Matrix S can be seen as the adjacency matrix of an underlying graph, embodying the local and non-local similarities between parts of the music material. Considering the nodes of this graph as a new set of indices for the original music frames or pieces opens the door to a “delinearized” representation of music, emphasizing its structure and its semiotic content.

Graph Signal Processing (GSP) is an emerging topic devoted to extend usual signal processing tools (Fourier analysis, filtering, denoising, compression, ...) to signals “living” on graphs rather than on the time line, and to exploit mathematical and algorithmic tools on usual graphs, in order to better represent and manipulate these signals. Toy applications of GSP concepts on music content in music resequencing and music inpainting are illustrating this trend.

From exploratory experiments, first observations point towards the following hypotheses :

  • local and non-local structures of a piece are highlighted in the adjacency matrix built from a simple time-frequency representation of the piece,

  • the first eigenvectors of the graph Laplacian provide a rough structural segmentation of the piece,

  • clusters of frames built from the eigenvectors contain similar, repetitive sound sequences.

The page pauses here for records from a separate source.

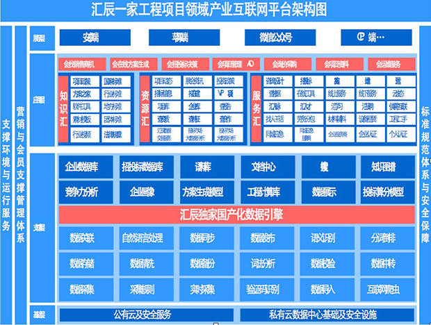 据汇辰科技相关负责人介绍,“汇辰一家工程项目领域产业互联网平台”以“数据引擎”为核心生产底座,是一款集招投标信息、工程资讯、企业信息查询、供需互联为一体的大型垂直性综合平台。致力于为帮助解决工程项目领域企业与企业、企业与项目、项目与项目的人力、物力、财力、资源配置不合理、配置不齐全等问题,提高资源配置效率,加快信息流通速度,保障流通精细化,解决低效率高成本问题,助力健全行业内信用体系,实现线上线下交易服务,让市场开启一种高效透明的交易方式。用以帮助工程领域传统企业和中小企业实现数字化转型,助力普惠性“上云用数赋智”服务。
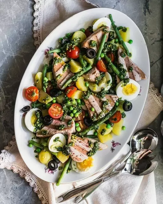 Этот яркий и свежий салат идеально подойдёт для летнего обеда или ужина. Он сочетает в себе множество полезных ингредиентов, а также обладает насыщенным вкусом благодаря обжаренному на гриле тунцу. Удивите своих близких этим восхитительным блюдом!
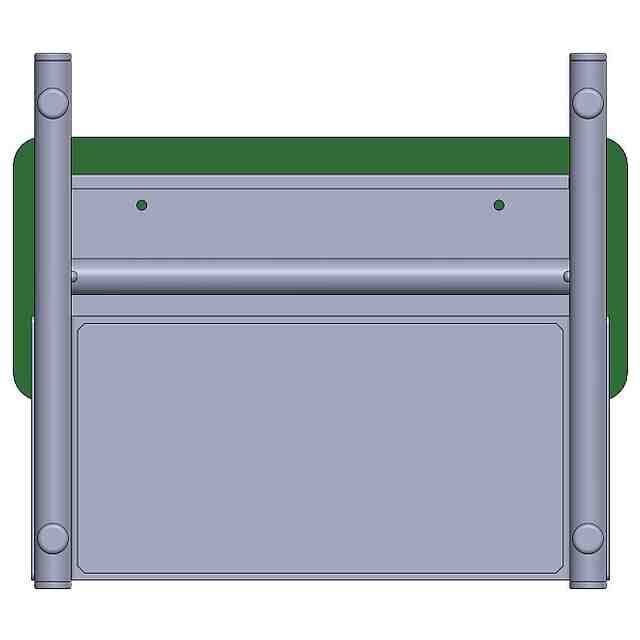 緑色で着色された部分以外の部分が、意匠登録を受けようとする部分である。各図に表された濃淡は、いずれも立体表面の形状を特定するためのものである。正面図中央縦断面図に表された赤色は、断面形状のみを表すものである。左側面図は右側面図と対称に表れる。
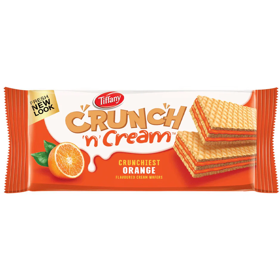 Tiffany Wafer Crunch N Cream Orange 150g is a deliciously sweet and creamy treat featuring crunchy wafer biscuits with an orange-flavored cream filling. These wafers are perfect for those who love a sweet and indulgent snacking experience.
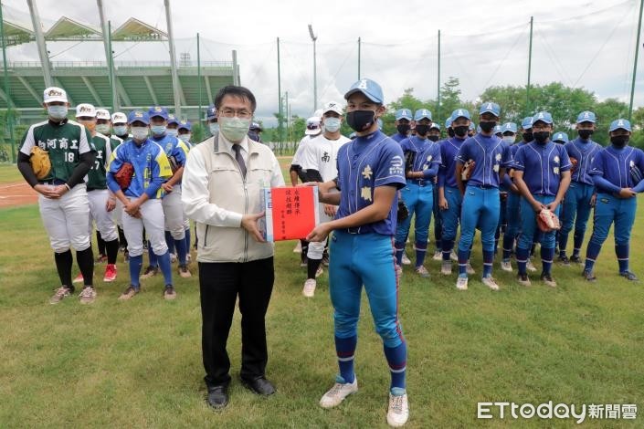 今日黃偉哲視察時,巧遇安順國中棒球隊及青棒選手約20位在現場練習,並由城市棒球隊及統一二軍選手指導,當場見證2019第五屆WBSC世界少棒錦標賽啟用之少棒主、副球場。
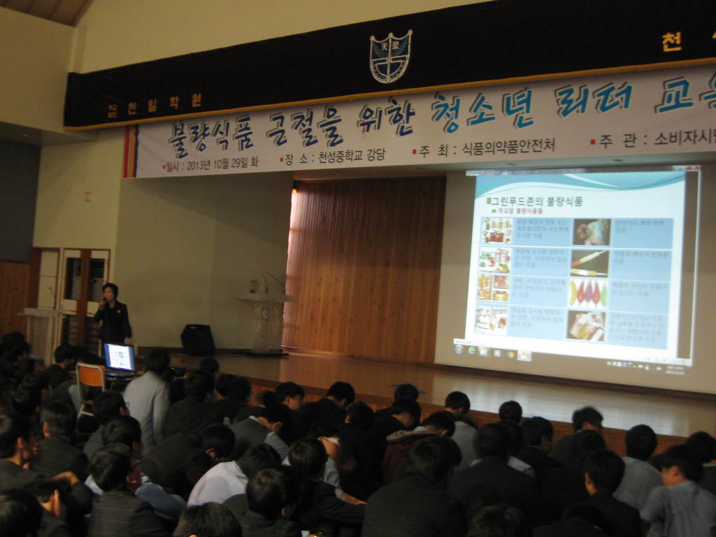 2013년 10월 29일(화) (사)소비자시민모임 충남지회 신미자 지회장은 천안 천성중학교 1-3학년재학생(647명)들을 대상으로 학교앞 불량식품과 어린이 안전보호지역에서 어린이 유해식품이나 불량식품에 대한 안정성 및 식생활 안전관리 특별법에 관한 법률등 위해식품의 유형, 건강기능식품 허위 과대광고 사례피해예방을 위한 소비자 행동요령, 표시사항 살펴보기에 대한 교육을 가졌으며, 청소년기에 흔히 접할수 있는 불량식품 근절을 위해 우리모두 노력하자라며 함께 다짐을 하는 시간을 가졌다.
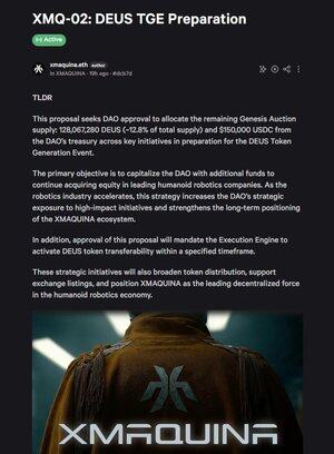 Teklifte, satışın ana amacının, insansı robot şirketinde hisse edinmeye devam etmek için DAO'ya daha fazla para yatırmak olduğu belirtildi. Ayrıca, teklifin onayı, motorun DEUS tokenlarının transfer edilebilirliğini belirli bir zaman diliminde etkinleştirmesini zorunlu kılacaktır. Öneri oylaması 6 Aralık'ta sona erecek ve mevcut onay oranı %95,39'dur.
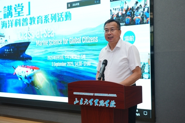 2025年9月5日下午,由中国大洋事务管理局、国家深海基地管理中心、香港科技大学联合主办,青岛市科协、即墨区科协等多家单位协办的“蛟龙探海,逐梦深蓝”深海课堂——中国大洋92航次一船三地科普活动成功举办。中国大洋事务管理局副局长唐冬梅,国家深海基地管理中心副主任丁忠军、香港科技大学协理副校长童彭尔、钱培元教授、中银香港个金产品总经理周国昌先生、青岛市科学技术协会党组书记、主席王崇江等出席现场活动,国家深海基地管理中心孙永福研究员主持活动。来自北京一零一中学、香港仁济医院第二中学以及青岛蓝谷中学、青岛市即墨区蓝谷实验中学等十余所中小学共700余名师生参与了活动。
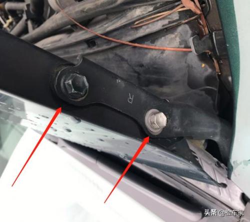 机盖打开以后可以看到机盖螺丝被拧动过,原来带漆的螺丝也被替换成了普通的螺丝。谁也不会无缘无故的拆引擎盖,只有在车辆机盖发生变形才去拆卸修复它,小剐蹭是不需要拆掉的,直接喷漆就可以了。
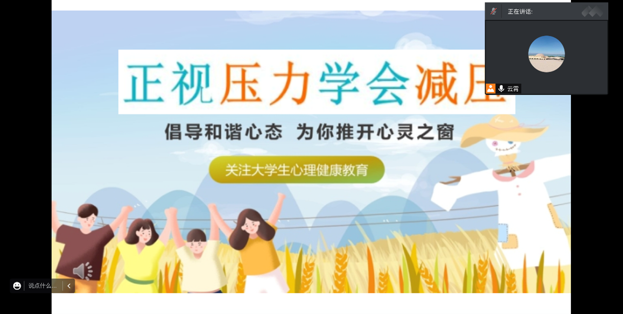 5月23日,辅导员孔云霄组织G环境设计20-2班召开“正视压力,学会减压”主题班会。心理委员建议大家要规律作息,保持充足的睡眠;其次是健康饮食,良好科学的健康饮食是身体健康的重要保障;最后是适量运动,健康运动是增强免疫机能、放松身心、释放压力的有效渠道。
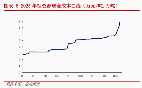 2025年,锂资源成本曲线重心进一步下移,矿石提锂的成本下降显著,目前 95%/90%/85%产能分线分别对应锂资源成本 5.9/5.7/5.4 万元/吨 LCE。其中5-6万区间产能较多,占总产能的 35%。
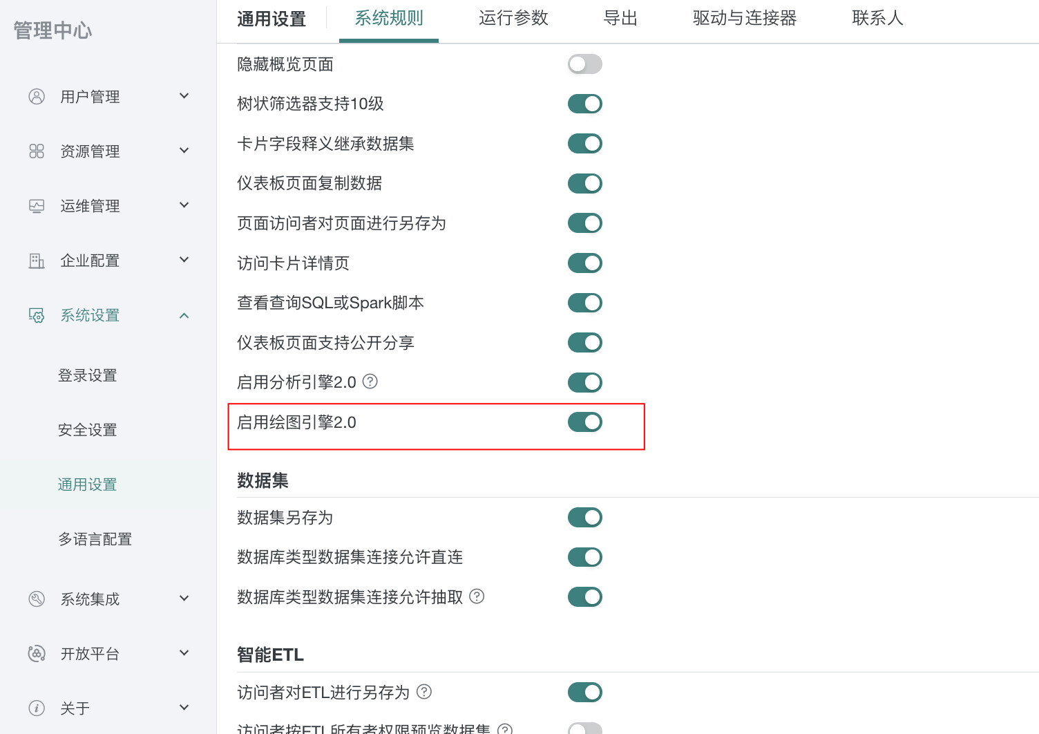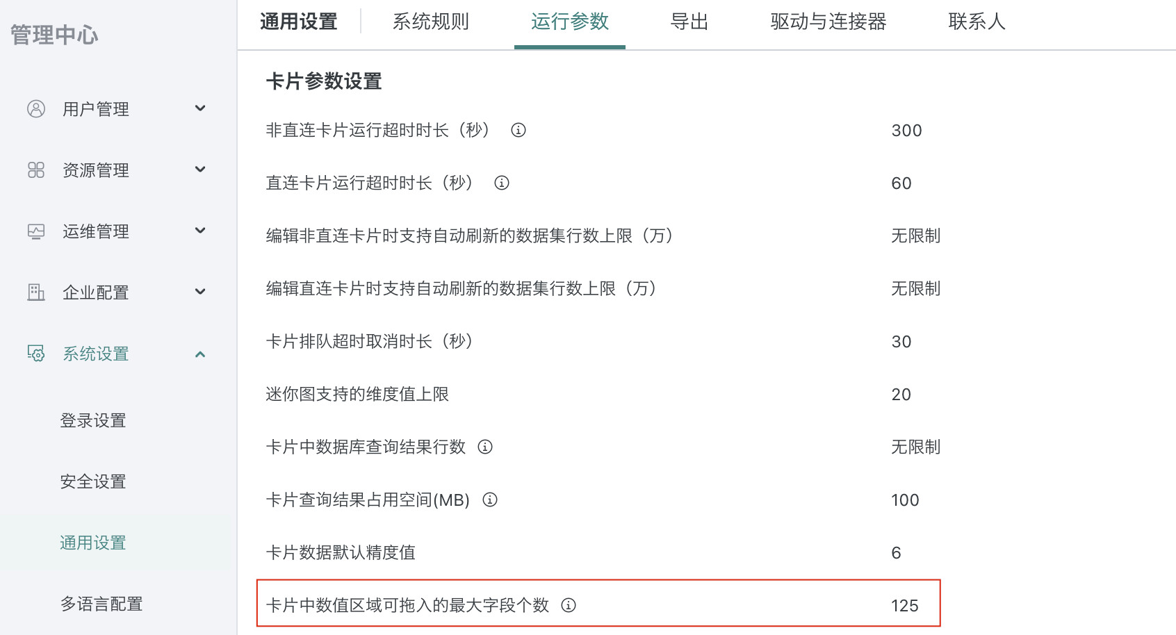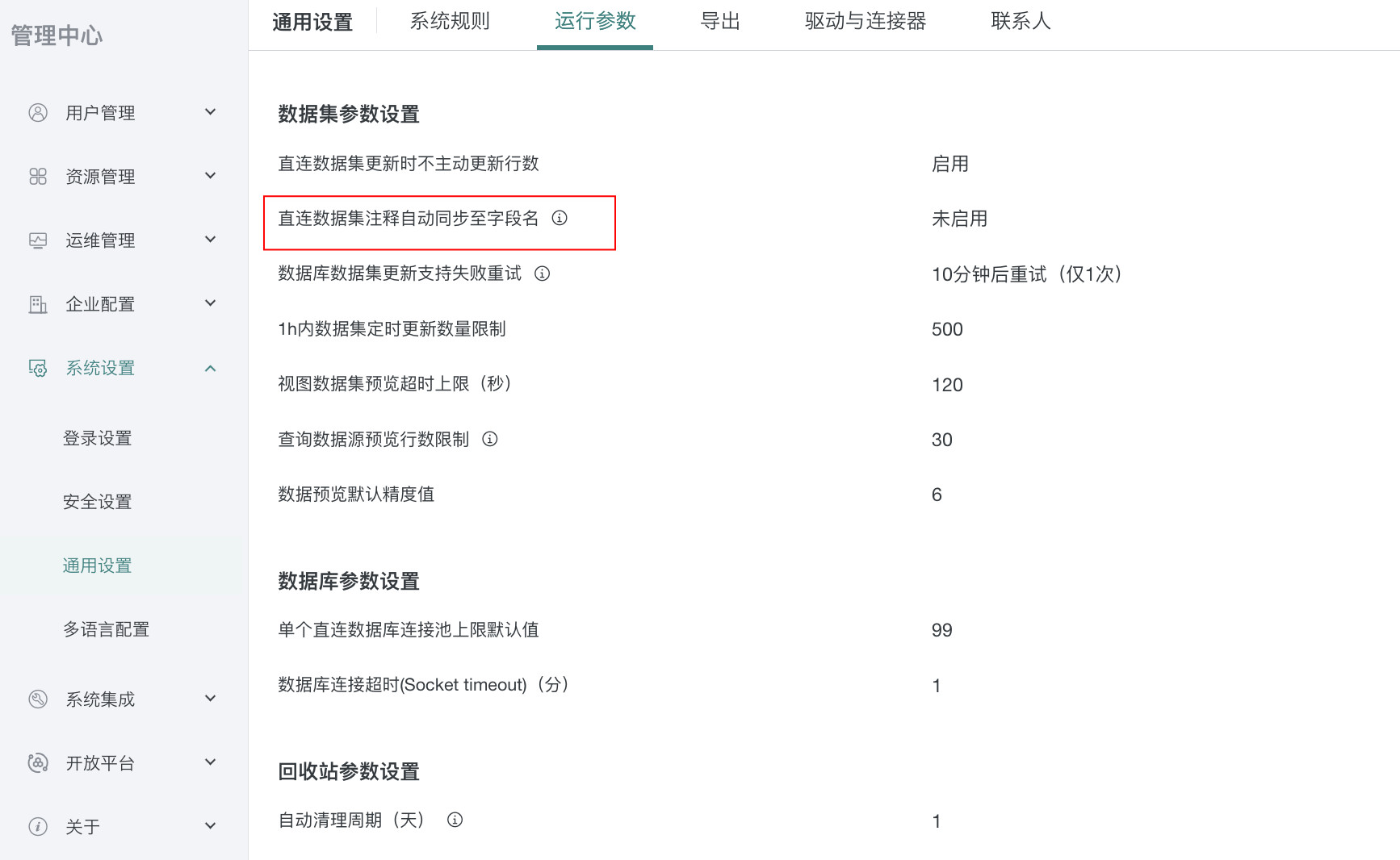 直连数据集注释自动同步至字段名:直连数据集数据结构更新时,触发数据注释更新,并自动同步到字段名,若注释名为空时则不覆盖原有字段名,此功能需要在「管理员 > 通用设置 > 运行参数 > 数据集参数设置」中开启,默认为关闭状态。
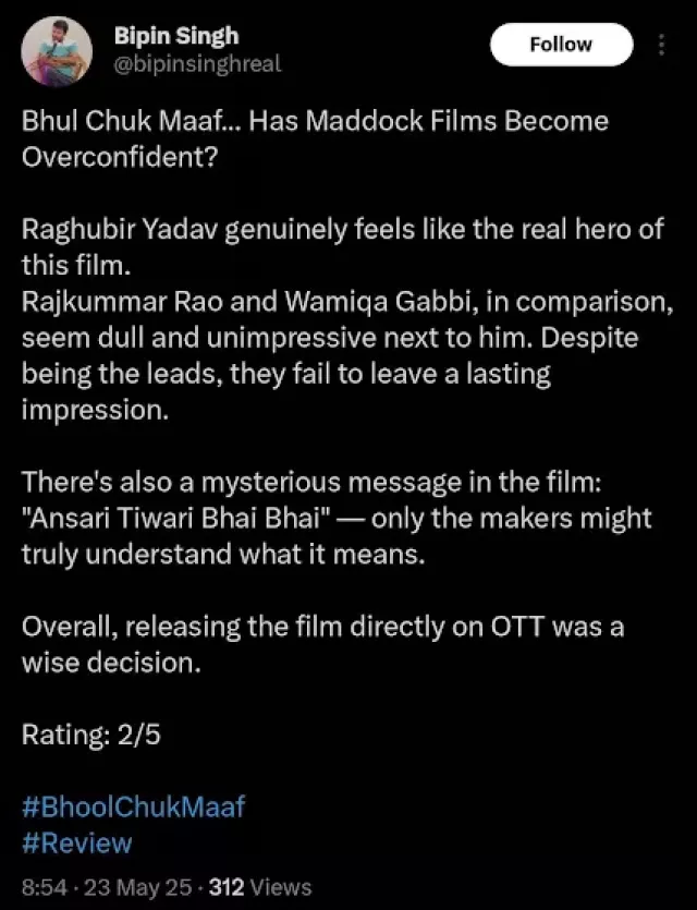 राजकुमार राव और वामिका गब्बी स्टारर फिल्म 'भूल चूक माफ' का एक्स रिव्यू सामने आ चुका है, जिसे दर्शकों का मिश्रित रिस्पॉन्स मिला है।
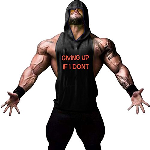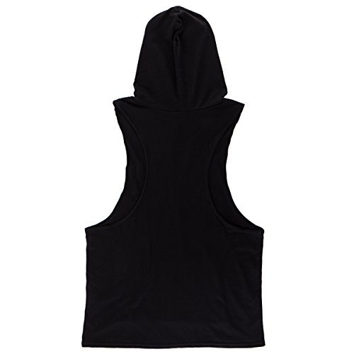 Gerlobal Mens Bodybuilding Stringer Hoodie Workout Fitness Gym Tank Top Black,X-Large
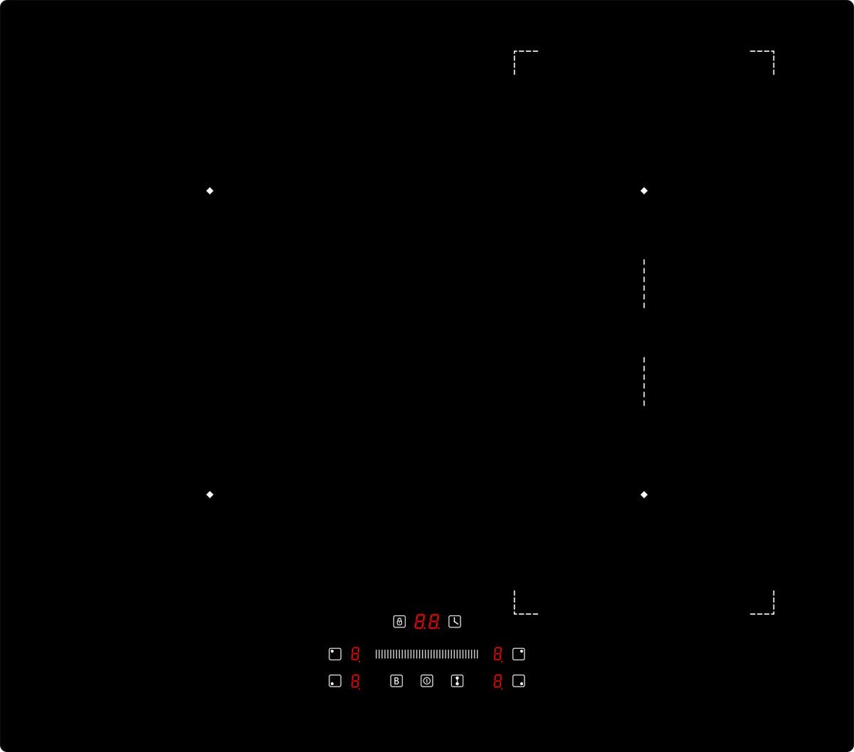 - 4 inductiezones: snel en energiezuinig koken met directe warmte

The goal of Valentin Gillot's PhD is to consolidate these hypotheses and investigate further the topic of Graph Signal Processing for music, with more powerful conceptual tools and experiments at a larger scale.

The core of the work will consist in designing a methodology and implement an evaluation framework so as to (i) compare different descriptors and similarity measures and their capacity to capture relevant structural information in music pieces or collection of pieces, (ii) explore the structure of musical pieces by refining the frame clustering process, in particular with a multi-resolution approach, (iii) identify salient characteristics of graphs in relation to mid-level structure models and (iv) perform statistics on the typical properties of the similarity graphs on a large corpus of music in relation to music genres and/or composers.

By the end of the PhD, we expect the release of a specific toolbox for music composition, remixing and repurposing using the concepts and algorithms developed during the PhD.